Итак, фирма. Сто тысяч на счету. Качественный легальный бизнес, счёт в «Ллойд Моррис», налоги вовремя, госпожа Пушкарёва. Когда немного пришла в себя, так обрадовалась, что тут же позвонила Зорькину. Колька, Колька, как давно мы об этом мечтали! Хватай свои мозги, собирай в кучку, наконец-то пригодятся! И все твои стотыщ визиток уже ждут тебя… на том, конечно, условии, если ты приумножишь сто тысяч долларов. Превратишь их в двести. Или триста. Ну, нет предела бесконечности, ты знаешь… Коля знал. И слова «фондовый рынок» и «дистанционные инвестиции» не были для него пустым звуком…
Она писала в дневнике: «Я нужна ему, я это чувствую. И, пока я с ним, ему ничего не страшно. Я буду поддерживать его во всём, что он придумает и сделает. А он всё делает - правильно». Она вспоминала, как однажды прохладным уже вечером он подвозил её домой с вечеринки – деловой для неё вечеринки, конечно, - и всё спрашивал, спрашивал… «Катя, мне кажется, что я что-то делаю неправильно…» Как в воздухе, он нуждался в том, чтоб она это опровергла, он просил у неё уверенности. И никто, ни Малиновский, ни даже (тем более?..) Кира не могут дать ему этого.

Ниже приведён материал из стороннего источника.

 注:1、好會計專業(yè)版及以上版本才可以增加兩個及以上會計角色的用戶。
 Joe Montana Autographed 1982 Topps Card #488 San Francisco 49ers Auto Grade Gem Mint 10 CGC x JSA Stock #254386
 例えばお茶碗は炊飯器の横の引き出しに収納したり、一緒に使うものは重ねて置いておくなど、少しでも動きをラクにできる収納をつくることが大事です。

Она – его опора, защита от ветра, дождя, града и какой там ещё напасти, которая вздумает угрожать ему.
Она не повторила своих слов, сказанных когда-то, просто сказала:
- Пока я нужна вам, Андрей Палыч, я всегда буду рядом. - И увидела, как его затопили облегчение, радость и… гордость. На краешке. Он гордился собой, которого видел в её глазах. И та же волна захлестнула и её. Она нужна, нужна!.. И, пока нужна - бУдет рядом!

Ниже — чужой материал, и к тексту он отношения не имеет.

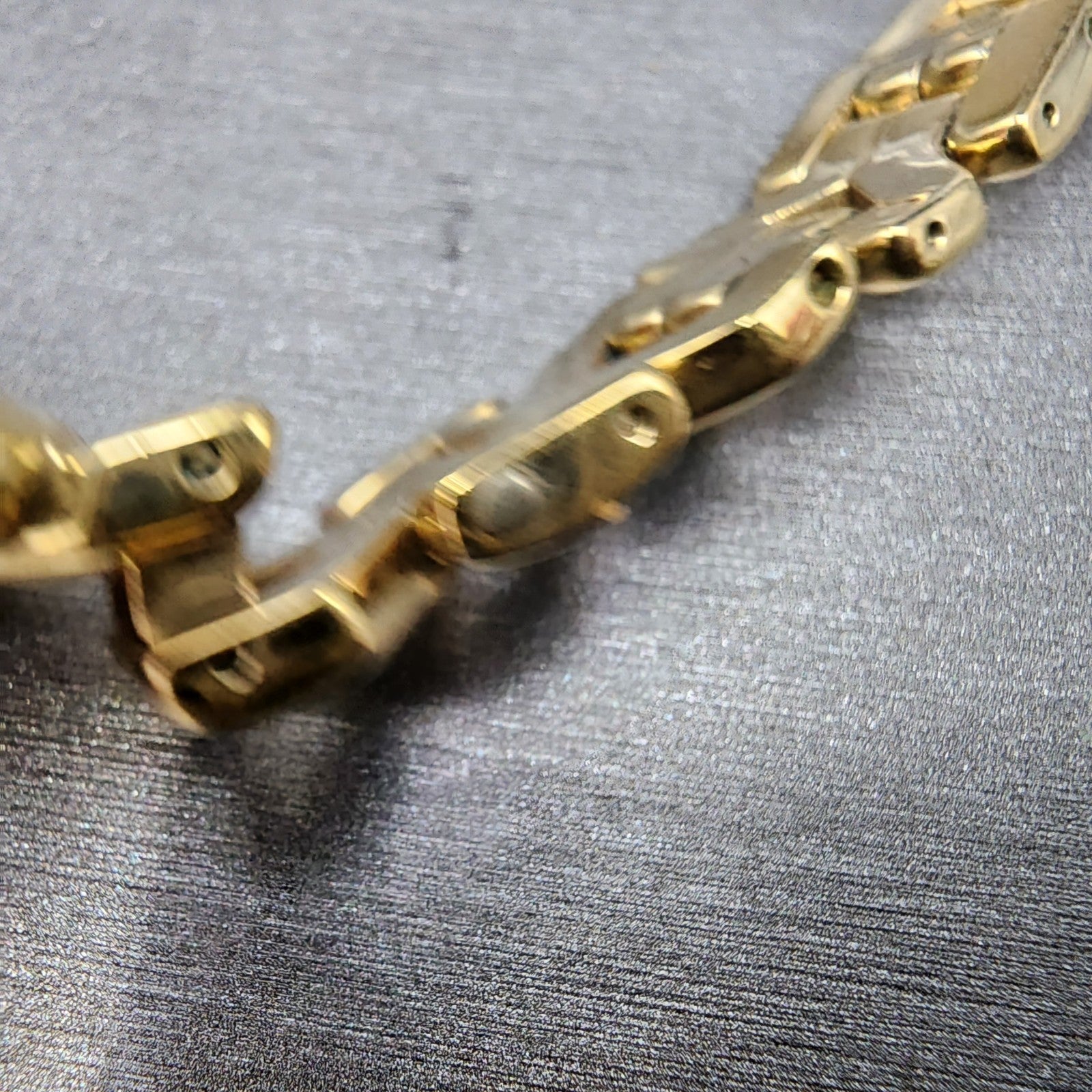 ONE OF THE PINS ON THE BAND HAS BEEN REPLACED WITH A NAIL. This watch has been used but is in good working condition. There is scratches on the watch. please refer to pictures. the dial has some spotting and the gold plating has some discoloration.
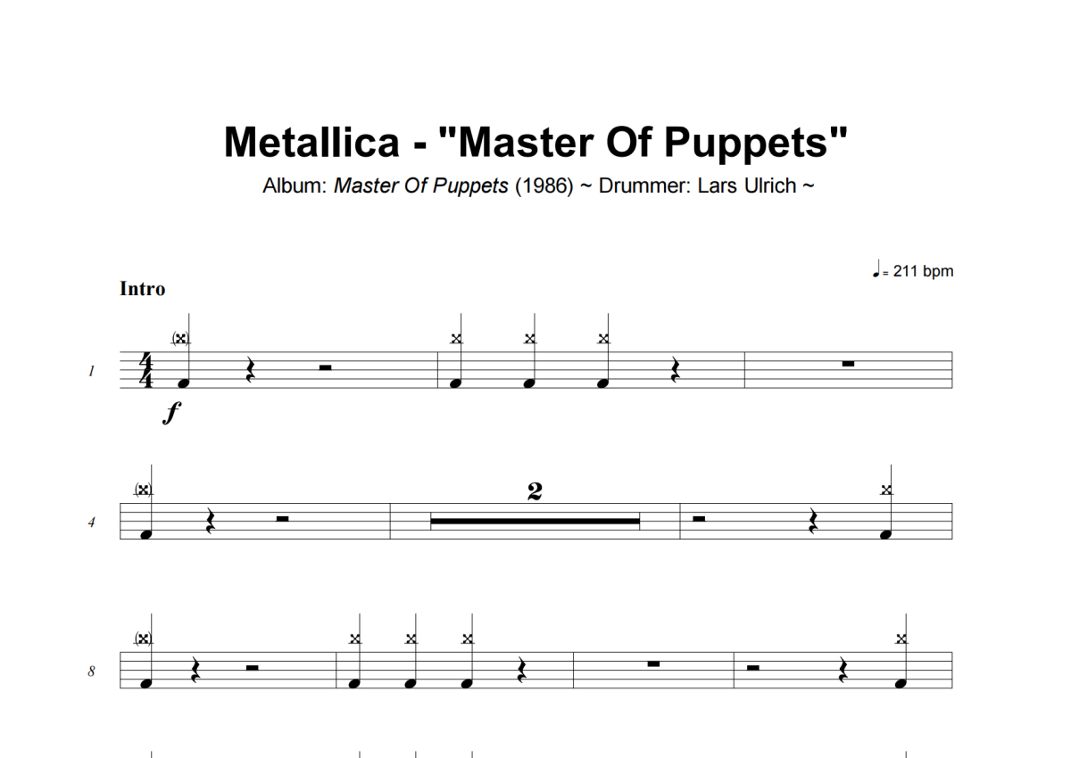 Metallica《Master Of Puppets》架子鼓谱
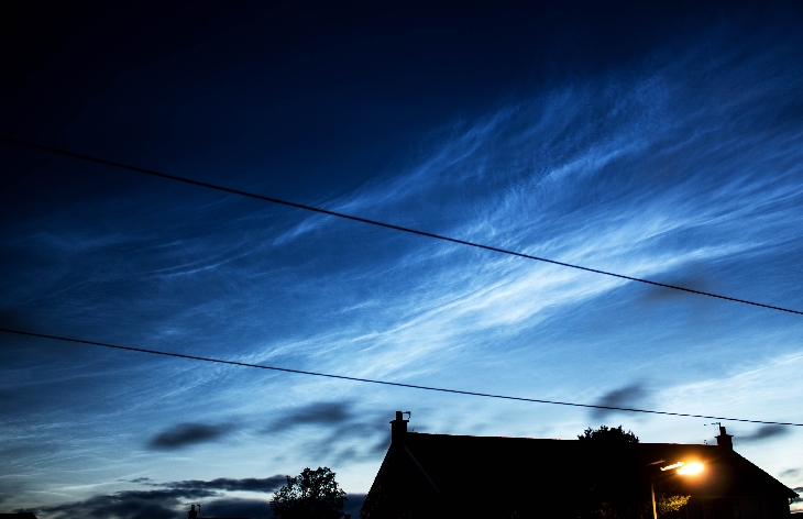 A second night of bright NLC (02/03 July) beginning at 2230 UT and ending with dawn at around 0230 UT. Azimuth from 330 extending to 095 and elevation of 45 degrees.
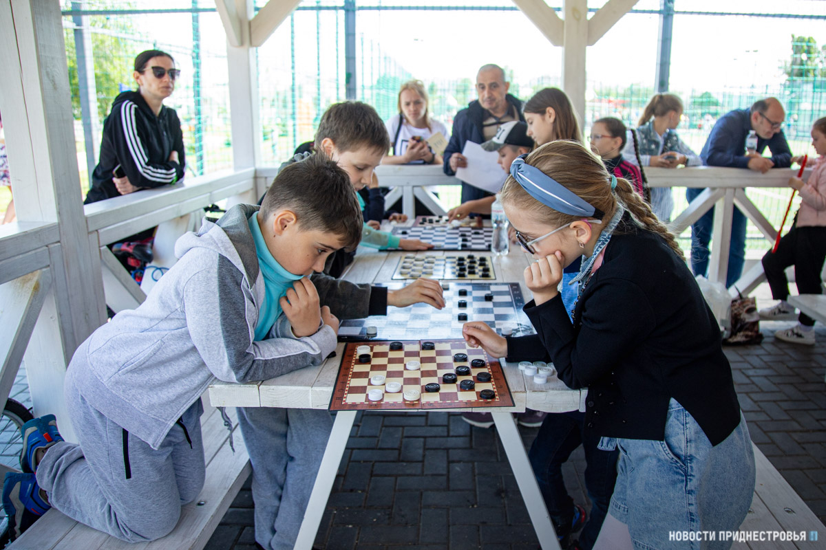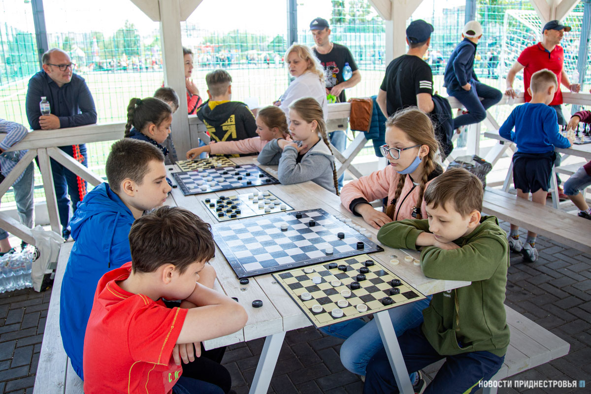 В беседке рядом с футбольным полем провели соревнования по шашкам среди учащихся СДЮШОР № 3.
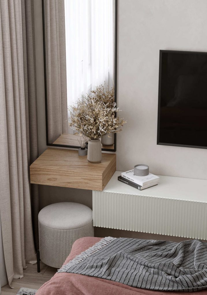 В отличие от остальных помещений квартиры, спальня выполнена без акцентов, в светлых оттенках, чтобы ничего не мешало отдыху и умиротворению. Здесь - большая удобная кровать, прикроватный столик в таком же стиле, как кофейный столик в кухне-гостиной; напротив - ТВ панель с узкой подвесной ТВ тумбой, компактная бьюти-зона, подвесной столик-консоль которой одной из сторон заходит на ТВ тумбу, под ним - место для компактного цилиндрической формы пуфа, а над ним - длинное зеркало до потолка, по другую сторону от ТВ тумбы - еще одно зеркало от пола до потолка в таком же стиле. Еще здесь размещен большой гардеробный шкаф от пола до потолка.

Это родилось не на пустом месте. Они прошли через несколько степеней проверки, самые настоящие испытания. Слёзы, отчаяние, сомнения, досада, готовность к разочарованию - и новые доказательства. Иногда он словно готовил её к служению, сам подсознательно ставил препятствия. А иногда и судьба подбрасывала приманки, расставляла ловушки.. Но снова и снова он убеждался в правильности своего выбора. И из всего этого родились такая преданность и такое доверие, что это не могло не стать залогом успеха. Президент и его помощница были обречены на успех.

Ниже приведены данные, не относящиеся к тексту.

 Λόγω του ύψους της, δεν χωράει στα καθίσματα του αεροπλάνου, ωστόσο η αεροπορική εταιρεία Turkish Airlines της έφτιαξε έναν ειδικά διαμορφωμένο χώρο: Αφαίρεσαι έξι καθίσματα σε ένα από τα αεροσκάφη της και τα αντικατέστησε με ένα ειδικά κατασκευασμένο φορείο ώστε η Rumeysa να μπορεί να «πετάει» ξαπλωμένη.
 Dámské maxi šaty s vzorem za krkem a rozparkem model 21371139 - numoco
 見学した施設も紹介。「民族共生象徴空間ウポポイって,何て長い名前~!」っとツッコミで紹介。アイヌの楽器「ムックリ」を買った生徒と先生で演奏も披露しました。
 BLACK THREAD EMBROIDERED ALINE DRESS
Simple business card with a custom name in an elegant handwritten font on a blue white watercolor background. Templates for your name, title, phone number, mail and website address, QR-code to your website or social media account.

Но всё шло не так. Он получил фирму с червоточинкой, с маленьким пятнышком, которое разрослось в большую кляксу и грозило перейти в разряд океанов. Он фонтанировал идеями – сначала для желанного развития компании, потом, чтоб спасти хотя бы то, что осталось… Она углубляла его идеи, доводила их до совершенства. Теперь уже до совершенства в кавычках, со знаком минус. Исправляла цифры не только в общем отчёте, но в отчётности всей компании, сокращала доходы – так, что коллекция провалилась… Твердя ему о рискованности, продолжала служить. Без страха, без сомнений; боялась только за него и сомневалась только из-за него. Вдохновенно врала на собраниях акционеров – о, как вдохновенно!.. Увидеть похвалу в его глазах, тоне, каких-то незаметных для окружающих мелочах было высшей наградой и высшей целью.
Идея об открытии новой фирмы тоже внутренней проверке не подвергалась. Так нужно ему. Точка.
- Пушкарёва, так это ж старый испытанный метод! – присвистнул Зорькин. – Фирма-буфер между должником и кредиторами. Она возьмёт на себя обязательства «Зималетто»… ну, поглотит, чтобы другие не сожрали. – И покачал головой удивлённо: - Это же как нужно вам, Катерина, доверять, чтобы пойти на такое…
Она только ручкой помахала, выпроваживая его. Нет смысла объяснять. Это только их, их с Андреем. Для неё счастье, для него - удача…
А потом оказалось, что Зорькин, как старая ворчливая птица, накаркал. Что испытания ещё не закончились. И кто бы мог подумать, что причиной станет именно Зорькин…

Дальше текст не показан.